The Congress faces a catch-22. Accusing the LDF-BJP of collusion — as MP Shafi Parambil did recently — risks alienating minority voters who view the BJP as the greater evil. Yet, staying silent allows the narrative to fester; something the Congress can ill-afford. The party’s 2024 decision to be the fulcrum of the INDIA bloc nationally while fighting the LDF locally has created strategic confusion, both for its workers and its voters. The Congress is also a house divided with various camps owing allegiance to different satraps between KC Venugopal, VD Satheesan and K Sudhakaran. And now, Thiruvananthapuram MP Shashi Tharoor has also thrown his hat in the ring.
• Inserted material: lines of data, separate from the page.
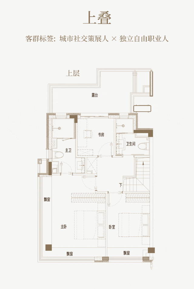 建筑面积约139㎡上叠边套户型,四层是会客区,五层是居住区,非常适合三代同堂居住。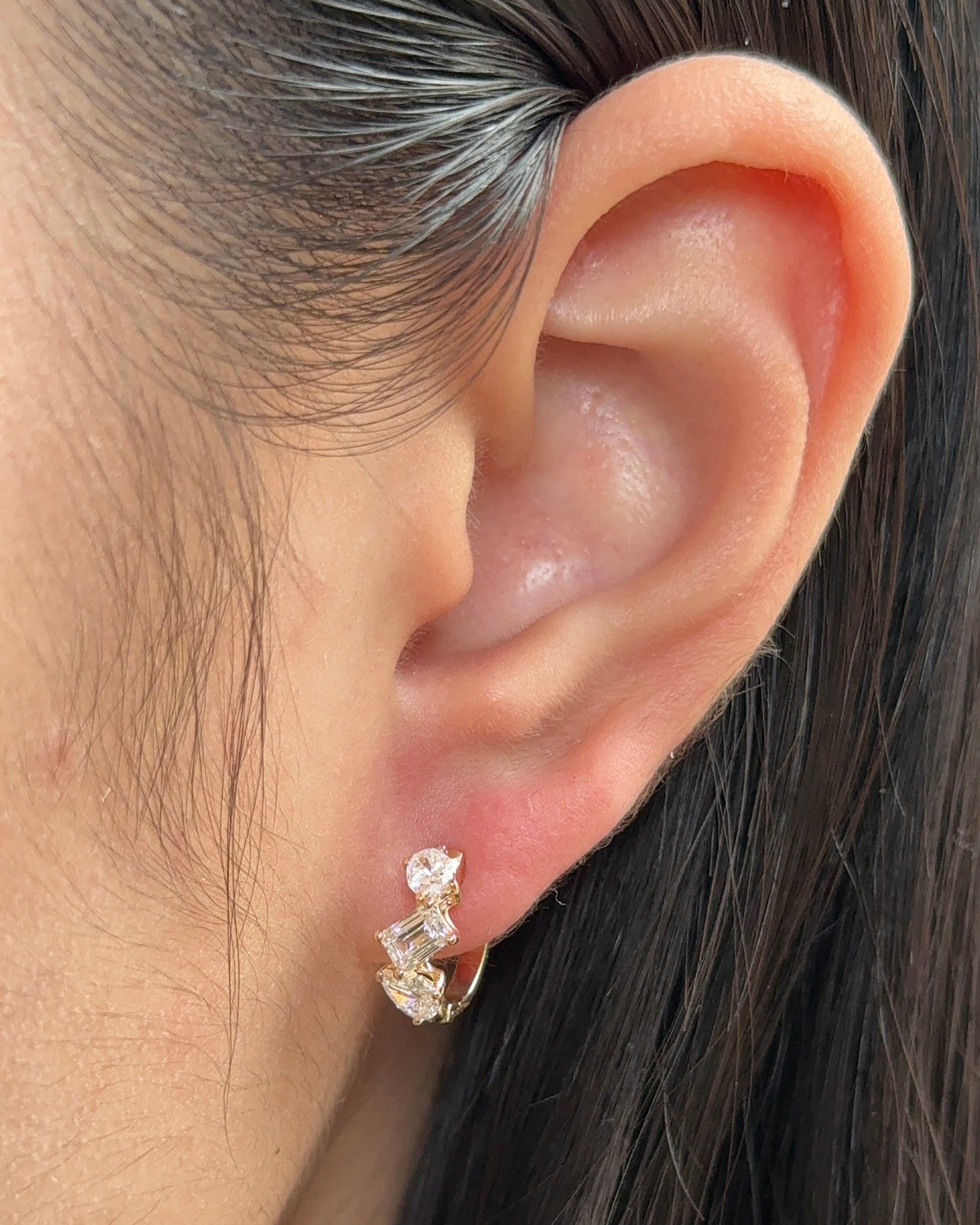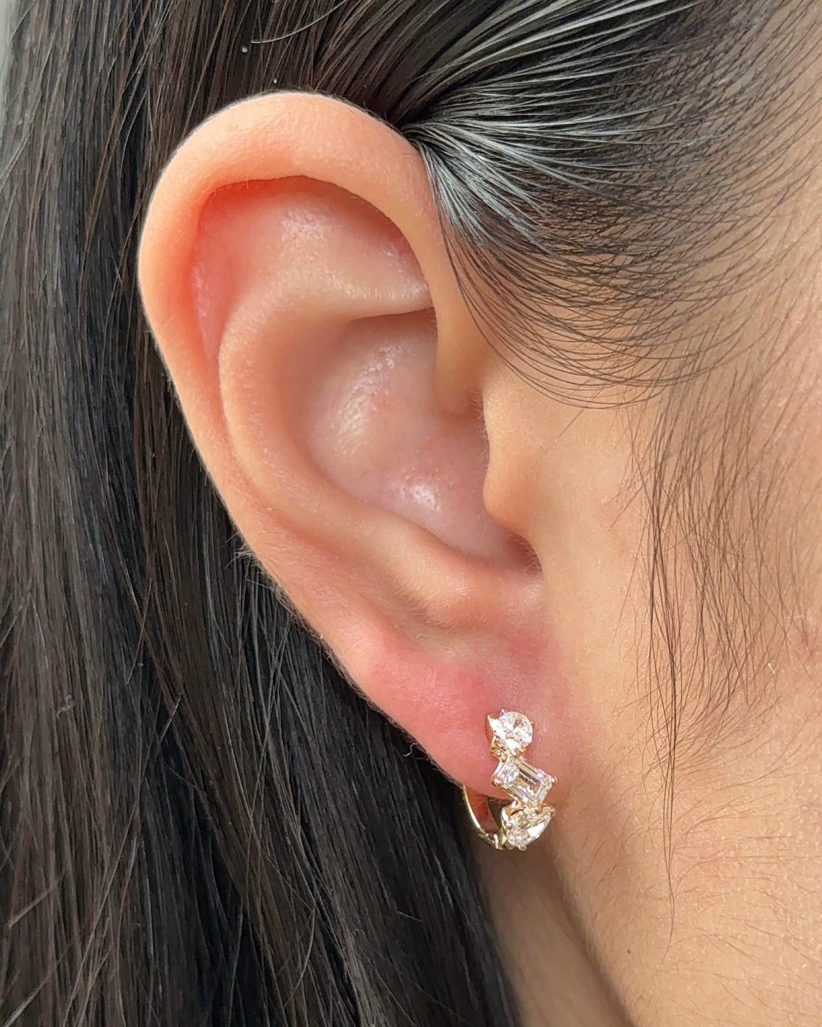 Emerald and Mixed Fancy cut Diamond Hoop Earrings Yellow Gold - 14K Solid Yellow Gold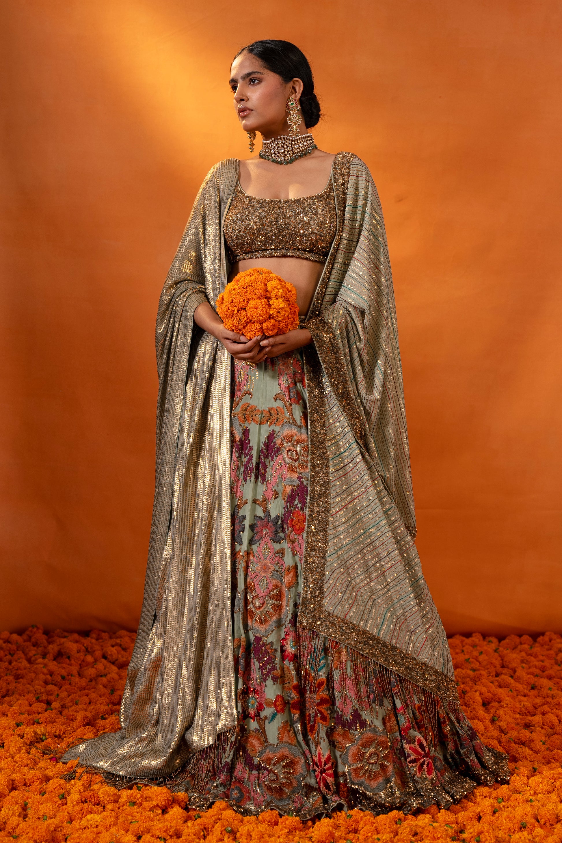 Lehenga in floral ikkat thread embroidery with a sequin blouse and can be paired with either gold sheeted dupatta or thread embroidered dupatta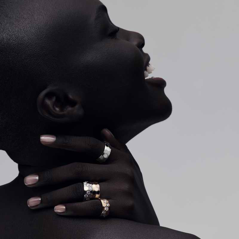 Bee de Chaumet 系列珠寶皆運用「鏡面拋光」金屬工藝,金屬躍然成為主角,即使未鑲嵌鑽石,依然能在光線映照下,折射出耀眼光彩。以蜂巢為靈感的獨特六角形造型,經精密打造的每個切面及角度皆極致俐落,確保光線無論自何方映照,皆能360度全方位捕捉、折射,讓迷人光采隨佩戴者舉手投足間,傾瀉而出。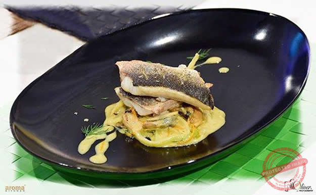 Place the fish on an oven dish skin side up, drizzle with olive oil, salt, pepper and place under a hot grill until golden brown. Dice and boil the potato, mash and mix in the wasabi, butter, cream and season. Use half the butter to cook on very low heat the roughly chopped fennel and garlic, once softened add the mussels, dill and toss, add 1 tsp orange zest than the wine and reduce by half. Add the cream and reduce again until sauce is thickened. Take The segments out of the orange and toss them in once removed from heat.

This isn’t Kerala’s first experiment with unlikely alliances. In 1969-70, the CPM tacitly supported the Congress breakaway faction to block the ideological mothership CPI. Ten years later, the CPI returned the favour by backing the Congress. But since the early 80s, politics in Kerala has oscillated between the Congress-led UDF and CPM-led LDF. However, contemporary dynamics differ due to the emergence of the BJP.
The bigger fear for the CPM for its dalliance with the BJP is minority backlash, particularly among Muslims, which could lead them to abandon the LDF if it is perceived as BJP-friendly. The Social Democratic Party of India (SDPI) already gained 9 per cent vote share in the last local body polls, indicating this risk.
The chessboard is set. As Vijayan’s government walks the tightrope between fiscal pragmatism and ideological purity, Kerala’s political future may hinge on whether this undeclared entente between red and saffron evolves into a rainbow realignment — or collapses under its own contradictions. For now, the breakfast in Delhi has given both sides much to digest.